Working in the depths of cybersecurity—testing corporate cybersecurity defenses and managing cleanup after an incident—provides useful insight in predicting the changing threat landscape. However, my basic prediction for the security challenges facing businesses in 2020 would be the same. This may seem strange given the dramatic developments in organizations' security strategies over the past year. For example, we have seen many more companies introduce multi-factor authentication (MFA). The main candidates have been messaging service providers, with Office 365 and G Suite, for example, lowering the barriers to entry in implementing MFA. This is good news for consumers, and it certainly makes it more difficult for cybercriminals to interfere with victims' email accounts. This is good news for businesses.
About the author Elliot Thompson is the leading security consultant for SureCloud. But cybercriminals, like the rest of us, tend not to give up tried-and-true techniques and processes without good reason. The fact is that some of the most established data extraction and infiltration techniques are because they are so effective and organizations still struggle to keep up.
Social engineering and phishing offer access to the cloud
For example, social engineering and credential phishing techniques, which have dominated cybercriminals' arsenal for years, are just the elements of infrastructure they can access that have evolved. Over the past year, even the most reluctant companies have initially plunged into cloud computing services such as Microsoft Azure and AWS, and notable successes in criminal access to these cloud panels. , usually through credential stuffing or phishing. . It may sound shocking that anyone with admin access to production environments is making such a mistake, but in large organizations or with multiple accounts, this is much more common than it should be. be.
Ransomware has become a stable business model
Similarly, ransomware has truly become one of the most powerful and effective weapons bad actors can deploy. We have seen fewer and fewer cases where poorly implemented ransomware cryptography can be exploited to unlock files for free. Similarly, we've seen fewer cases where an attacker takes over a large network and requires a small amount of money. Unfortunately, many threat actors take advantage of incomplete disaster recovery service coverage across organizations. I think I'd be surprised not to see a fully implemented massive malware campaign based on BlueKeep in 2020. This security flaw of Microsoft's Remote Desktop Protocol, which allows remote code execution by cybercriminals, could kick off some truly devastating attacks.

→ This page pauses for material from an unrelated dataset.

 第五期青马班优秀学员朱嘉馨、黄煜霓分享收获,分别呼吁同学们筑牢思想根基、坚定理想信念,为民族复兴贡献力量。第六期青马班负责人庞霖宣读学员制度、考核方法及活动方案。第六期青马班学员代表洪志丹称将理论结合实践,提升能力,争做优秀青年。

Machine learning is within the reach of criminals
Machine learning and artificial intelligence are actually exploited by many endpoint security tools and applications, often used to flag unusual network traffic or log user behavior. Machine learning will likely be applied to new security use cases in 2020, where the usual gap analysis is less effective. This is the good news. But while security professionals exploit computer learning in exciting ways, it also offers criminals slightly more insidious possibilities. It will be used more and more often when creating malicious content by trying to bypass existing filters, based on machine learning. We really are in an arms race for machine learning, and unfortunately, there are still far too many incidents where the so-called artificial intelligence powering a seemingly smart security tool is really just a series of nested "if" statements. Security professionals need to take AI seriously and master it properly, just like criminals do.

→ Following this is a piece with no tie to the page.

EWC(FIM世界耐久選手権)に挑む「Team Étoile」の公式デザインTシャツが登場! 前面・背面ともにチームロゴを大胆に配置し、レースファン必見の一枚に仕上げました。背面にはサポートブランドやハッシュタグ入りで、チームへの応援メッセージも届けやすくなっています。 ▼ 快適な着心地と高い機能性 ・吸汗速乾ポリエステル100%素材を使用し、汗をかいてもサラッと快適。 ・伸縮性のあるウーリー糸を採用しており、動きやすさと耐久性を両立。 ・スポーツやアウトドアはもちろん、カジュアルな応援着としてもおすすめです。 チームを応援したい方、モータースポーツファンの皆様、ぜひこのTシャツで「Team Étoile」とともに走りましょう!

Timeless challenges, new defenses
And beyond these most recent technical evolutions, the top security issues facing organizations small and large in 2020 must follow three near-timeless classics: 1. Credentials: The age-old challenge of preventing weak, shared, and similar identifiers in our networks still is in progress. But with the aforementioned increase in the use of multi-factor authentication, this problem seems to improve for identity management. A big recommendation now is to forget all the old password hints that generated likes like Monday1? and Brazil2019! and instead apply NIST's current recommendations that number, capitalization, and symbol requirements be reduced to a much higher minimum length to encourage passphrases over passwords. 2. Inbound Communications: From malicious attachments to phishing scams, invoice forgery, and CEO fraud, the number and scale of attacks are trending on the rise. While new technologies at the perimeter certainly help reduce the volume of malicious content reaching our staff, an attacker only has to win once. By 2020, I think we will see more automation of message content generation rather than delivery, with the attacker's goal being to defeat existing filtering systems. 3. Perimeter Erosion: The boundaries of our network have become increasingly blurred over the years and should be strengthened by 2020. Even in small organizations, the simple act of listing third-party applications used by all members of the personal It will probably be a difficult prospect. In many cases, our information is spread across dozens of heterogeneous systems hosted by different organizations, such as CRM and productivity software. From Slack to ZenDesk, Office 365 to AWS, it's often no longer necessary to access internal company resources if you're on the corporate network . The compromised staff IDs meant an attacker was digging into Outlook Web Access. Now this can mean full access to SharePoint, support tickets, and your chat logs.
How can organizations better protect themselves?
Of the top three challenges of identifying information, inbound communications, and eroded perimeter, combining password scanning, phishing, and remote compromise is essential. However, along with the increasing number of organizations migrating their workloads to the cloud, it is also critical that these organizations discuss, at the purchase stage, how cloud services contain company resources and data. are managed Enterprise security and risk strategies now reach far beyond your own premises and network perimeters and into the cloud, requiring a more collaborative approach to security than ever before. Elliot Thompson is the leading security consultant for SureCloud.